» **Aim of the exercise**
In the data below, find the line with "小沢五月さんの総運は29画の4点!" and output it along with every later line, exactly, but not the pictures.

======== Records for the exercise ========

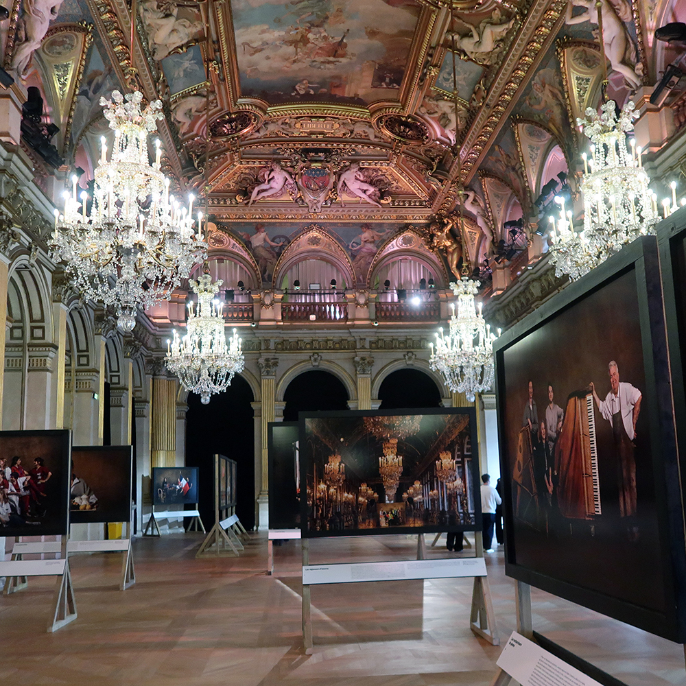 Il est là dans l’Hôtel de ville de Paris souriant, détendu, poignée de mains franche, le célèbre Yann Arthus-Bertrand, jouissant d’une notoriété exagérée selon certains mais très méritée pour tous ses multiples aficionados de par le monde. Ce n’est plus « La terre vue du ciel » mais la France vue du cœur, superbe « Album de famille » réalisé en collaboration avec le démographe et historien Hervé Le Bras, qui s’est installée pour quelques temps dans les majestueux salons de l’Hôtel de ville de Paris mis à disposition des auteurs. Un studio photo éphémère complète le dispositif et on fait tranquillement la queue pour se faire photographier afin que sa photo rejoigne les cent cinquante déjà exposées. Le photographe est heureux d’avoir pu mener à terme ce portrait très vivant d’une France qui est loin du climat anxiogène ambiant, fruit d’une réelle complicité allant au-delà du temps d’une prise de vue. Chaque image est l’exposition d’un petit soleil familial ou amical, vécu loin des orages, les menaces oubliées, rayonnant d’une évidente luminosité.
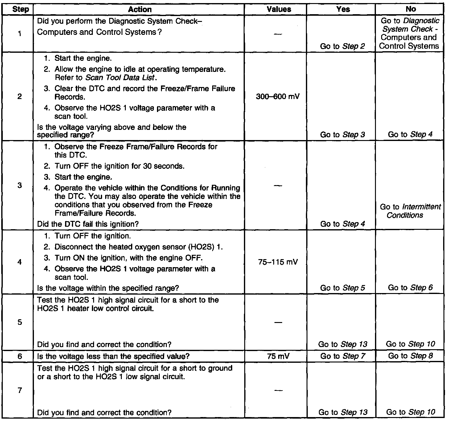 The PCM detects that the HO2S 1 voltage is less than 78 mV for more than 51 seconds.
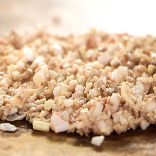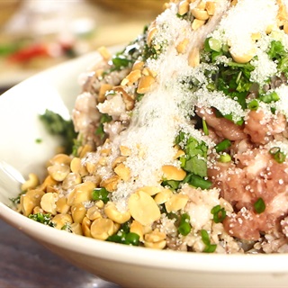 Sườn sụn non rửa sạch, để ráo, bằm thật nhỏ. Hành khô bóc vỏ, thái hạt lựu, rau húng quế rửa sạch (cho nhiều thì dồi càng thơm ngon) vảy sạch nước, thái nhỏ. Trộn 3 nguyên liệu cùng hạt nêm, tiêu và chút mắm ngon. Cất tủ lạnh ít nhất 30 phút cho ngấm đều gia vị.
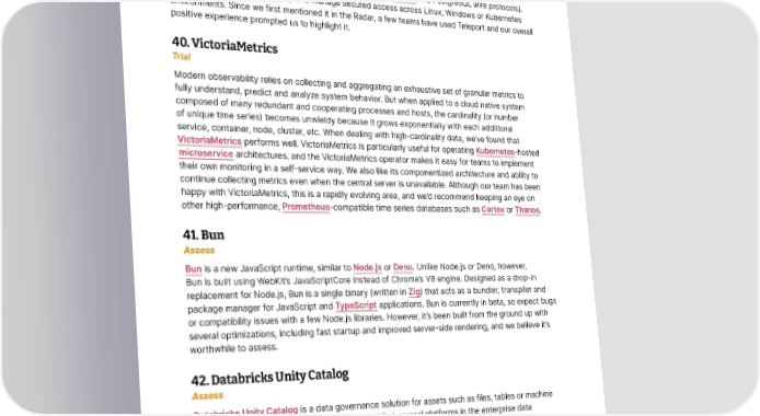 Platforms Thoughtworks Technology Radar 39. Teleport Trial Teleport is a tool for zero trust network access to infrastructure. Traditional setups require complex policies or jump servers to restrict access to critical resources. Teleport, however, simplifies this with a unified access plane and with fine-grained authorization controls that replace jump servers, VPNs or shared credentials. Implemented as a single binary with out-of-the-box support for several protocols (including SSH, RDP, Kubernetes API, MySQL, MongoDB and PostgreSQL wire protocols), Teleport makes it easy to set up and manage secured access across Linux, Windows or Kubernetes environments. Since we first mentioned it in the Radar, a few teams have used Teleport and our overall positive experience prompted us to highlight it. 40. VictoriaMetrics Trial Modern observability relies on collecting and aggregating an exhaustive set of granular metrics to fully understand, predict and analyze system behavior. But when applied to a cloud native system composed of many redundant and cooperating processes and hosts, the cardinality (or number of unique time series) becomes unwieldy because it grows exponentially with each additional service, container, node, cluster, etc. When dealing with high-cardinality data, we’ve found that VictoriaMetrics performs well. VictoriaMetrics is particularly useful for operating Kubernetes-hosted microservice architectures, and the VictoriaMetrics operator makes it easy for teams to implement their own monitoring in a self-service way. We also like its componentized architecture and ability to continue collecting metrics even when the central server is unavailable. Although our team has been happy with VictoriaMetrics, this is a rapidly evolving area, and we’d recommend keeping an eye on other high-performance, Prometheus-compatible time series databases such as Cortex or Thanos. 41. Bun Assess Bun is a new JavaScript runtime, similar to Node.js or Deno. Unlike Node.js or Deno, however, Bun is built using WebKit’s JavaScriptCore instead of Chrome’s V8 engine. Designed as a drop-in replacement for Node.js, Bun is a single binary (written in Zig) that acts as a bundler, transpiler and package manager for JavaScript and TypeScript applications. Bun is currently in beta, so expect bugs or compatibility issues with a few Node.js libraries. However, it’s been built from the ground up with several optimizations, including fast startup and improved server-side rendering, and we believe it’s worthwhile to assess. 42. Databricks Unity Catalog Assess Databricks Unity Catalog is a data governance solution for assets such as files, tables or machine learning models in a lakehouse. Although you’ll find several platforms in the enterprise data governance space, if you’re already using other Databricks solutions, you should certainly assess Unity Catalog. We want to highlight that while these governance platforms usually implement a centralized solution for better consistency across workspaces and workloads, the responsibility to govern should be federated by enabling individual teams to govern their own assets. © Thoughtworks, Inc. All Rights Reserved. 24
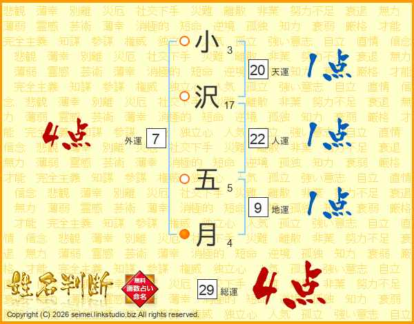 小沢五月さんの総運は29画の4点!
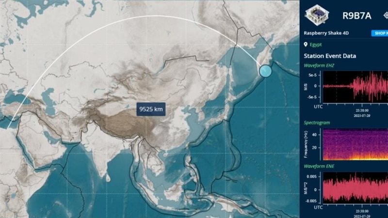 ونظرًا لشدة الزلزال، سجل جهاز الرصد الزلزالي التابع للمركز القومي لعلوم البحار والمصايد (MHMC-NIOF) والمتمركز بمدينة الإسكندرية، مصر، اضطرابات واضحة في البيانات السيزمية، مما يشير إلى مدى تأثير الموجات الزلزالية على نطاق جغرافي واسع تجاوز منطقة الحدث نفسه.

========

» **Written response**
 小沢五月さんの総運は29画の4点!
 ونظرًا لشدة الزلزال، سجل جهاز الرصد الزلزالي التابع للمركز القومي لعلوم البحار والمصايد (MHMC-NIOF) والمتمركز بمدينة الإسكندرية، مصر، اضطرابات واضحة في البيانات السيزمية، مما يشير إلى مدى تأثير الموجات الزلزالية على نطاق جغرافي واسع تجاوز منطقة الحدث نفسه.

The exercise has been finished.